“There was a notion that the arts could anchor the conversation and be central to Asheville’s rebirth,” Myers explained, “and what they hoped for has happened.” Local galleries like Revolve and
Momentum are cornerstones of the arts community;
Blue Spiral 1, a former radio supply shop in downtown Asheville, is now a 15,000-square-foot gallery with 24 shows of local and global artists per year. The Black Mountain College Museum and Arts Center offers invaluable historical context, archives, and rotating exhibitions. And the River Arts District is home to more than 200 artists within former industrial sites. Local artist Frances Domingues describes Asheville as “a place where you can continually reinvent yourself; a place of constant renewal.”
In step with Asheville as a place of renewal, the Asheville Art Museum has installed artist Henry Richardson’s Reflections on Unity (2016) on a locally quarried boulder in its entry plaza. The 5,000-pound orb is comprised of thousands of pieces of cut and chiseled glass, and positioned directly across from a granite obelisk built in 1897 to honor Zebulon B. Vance, a former Confederate colonel, U.S. senator, and North Carolina governor. Light emanates from Richardson’s composition, metaphorically suggesting an ongoing and indefinite exchange between the museum and Asheville’s history.
Critically, “Appalachia Now!” demonstrates the breadth of art production coming out of southern Appalachia. These artists are not just tapping into the region’s rich artistic legacies, but creating work in dialogue with their peers around the world.

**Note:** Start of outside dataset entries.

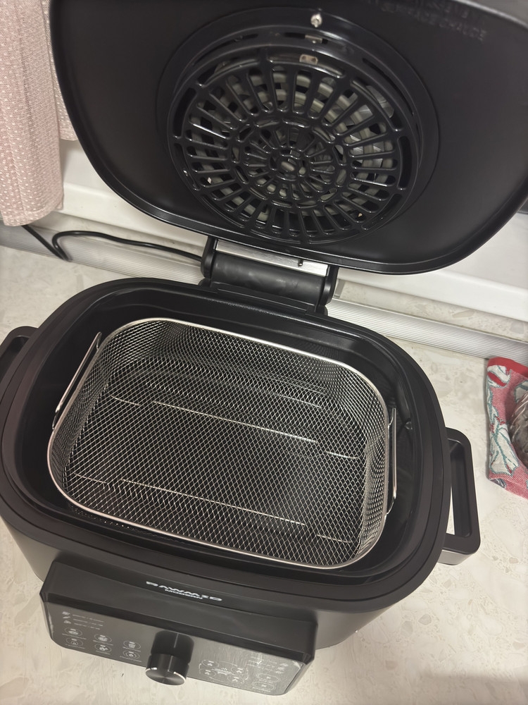За нагрев воздуха отвечает обширный и мощный нагревательный элемент, выполненный из долговечной стали и расположенный в верхней крышке устройства. Спиральная форма нагревательного элемента обеспечивает широкий охват пространства и быстрый прогрев воздуха. Съёмная защитная решётка нагревателя предотвращает его загрязнение, а также способствует более равномерному распределению воздуха в чаше.
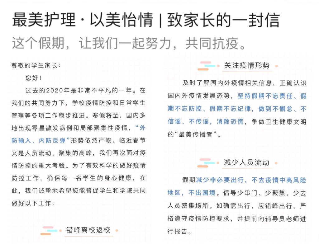 全程管理,落实防控措施。疫情出现反扑后,辅导员迅速摸排全体本科生、研究生的信息,准确梳理各类数据,制定“一人一档”离校学生信息表,确保离校学生底数清,返家行程可追踪。全体辅导员始终保持高度的责任心和使命感,确保相关要求通知到每一名同学。为提升学生居家学习效率,bb贝博艾弗森官网在《致家长一封信》中邀请家长一起引导学生居家学习,健康生活。
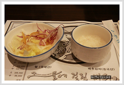 먼저 상큼한 유자소스의 샐러드와 죽이 나옵니다.
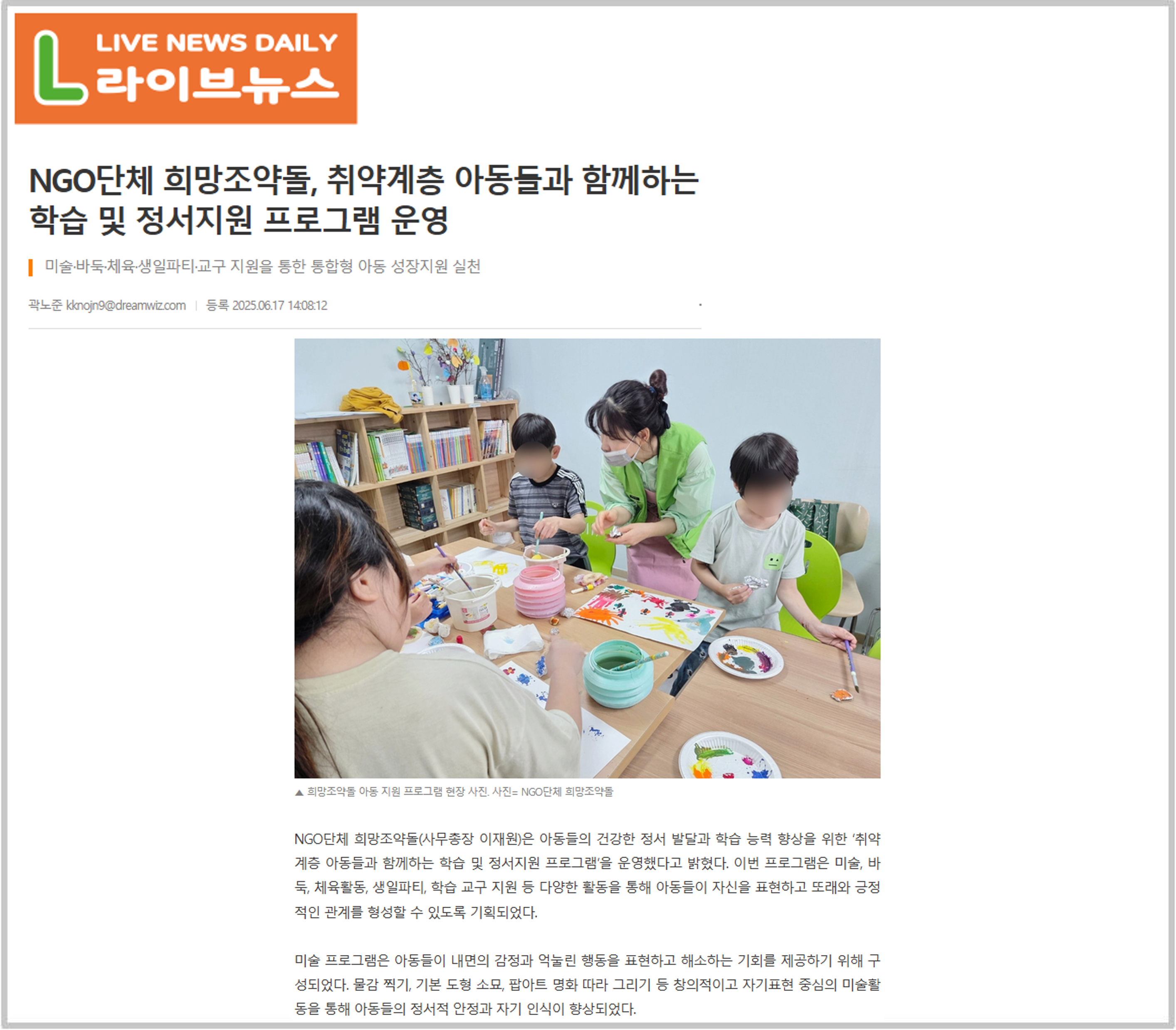 NGO단체 희망조약돌(사무총장 이재원)은 아동들의 건강한 정서 발달과 학습 능력 향상을 위한 ‘취약계층 아동들과 함께하는 학습 및 정서지원 프로그램’을 운영했다고 밝혔다. 이번 프로그램은 미술, 바둑, 체육활동, 생일파티, 학습 교구 지원 등 다양한 활동을 통해 아동들이 자신을 표현하고 또래와 긍정적인 관계를 형성할 수 있도록 기획되었다.

“A show like this is long overdue,” said artist Danielle Burke, whose series of woven coverlets, “Stars Over Appalachia” (2015), is featured in the show. “The material culture of this region is associated with being homey and domesticated, or with products made for a market, for sale for pocket change—but there is overt contemporary art in this region that is varied and diverse. People have claimed that material culture.”